- Bồng Sơn Location of Bồng Sơn in Vietnam
- Coordinates: 14°26′N 109°01′E﻿ / ﻿14.433°N 109.017°E
- Country: Vietnam
- Province: Gia Lai Province
- Time zone: UTC+07:00 (Indochina Time)
- Climate: Am

= Bồng Sơn =

Bồng Sơn is a ward (phường) of Gia Lai Province, Vietnam.

==Geography and infrastructure==
Bong Son is located in Bình Định's northern lowlands near Lai Giang River. It lies around 18 km (road distance) west of the South China Sea coast.

Bong Son is located along National Route 1, Vietnam's most important road. Intersections with Road 630 and Road 629 leading up to Hoài Ân District and An Lão District are within a few kilometres of the town.

The town has two post offices, one central plaza, and a stadium for cultural and sports events. Over 60% of households have been provided with clean running water. The town maintains 47 km of roads and streets, averaging between 8 and 12 meters in width.

==History==
According to historian Đào Duy Anh, Bồng Sơn was set up under king Lê Thánh Tông in 1471. It later became one of three administrative centres in what is now Bình Định Province.
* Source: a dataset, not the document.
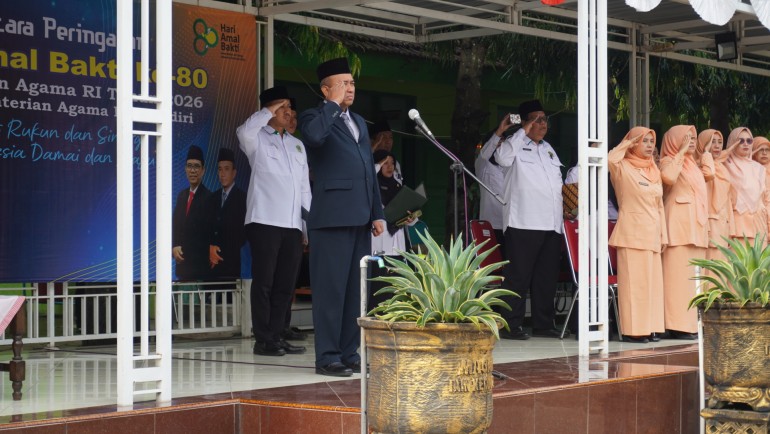 Kab. Kediri (Humas) — Kantor Kementerian Agama Kabupaten Kediri menggelar Upacara Peringatan Hari Amal Bakti (HAB) ke-80 Kementerian Agama Tahun 2026 di Lapangan MTsN 4 Kediri, Sabtu pagi, 3 Januari 2026, pukul 07.00 WIB. Upacara ini menjadi momentum meneguhkan tema “Umat Rukun dan Sinergi, Indonesia Damai dan Maju” sebagai landasan pengabdian Kementerian Agama dalam menjaga keharmonisan kehidupan beragama.

Bồng Sơn was the site of an uprising against French colonialism in 1945, involving around 8000 people and led by Trịnh Hồng Kỳ.

As much of Bình Định Province, it was the site of severe fighting during the Vietnam War and a major battle in 1966.

==Economy==
Bồng Sơn has a small industrial park (Cụm công nghiệp Bồng Sơn) with industries such as wood processing.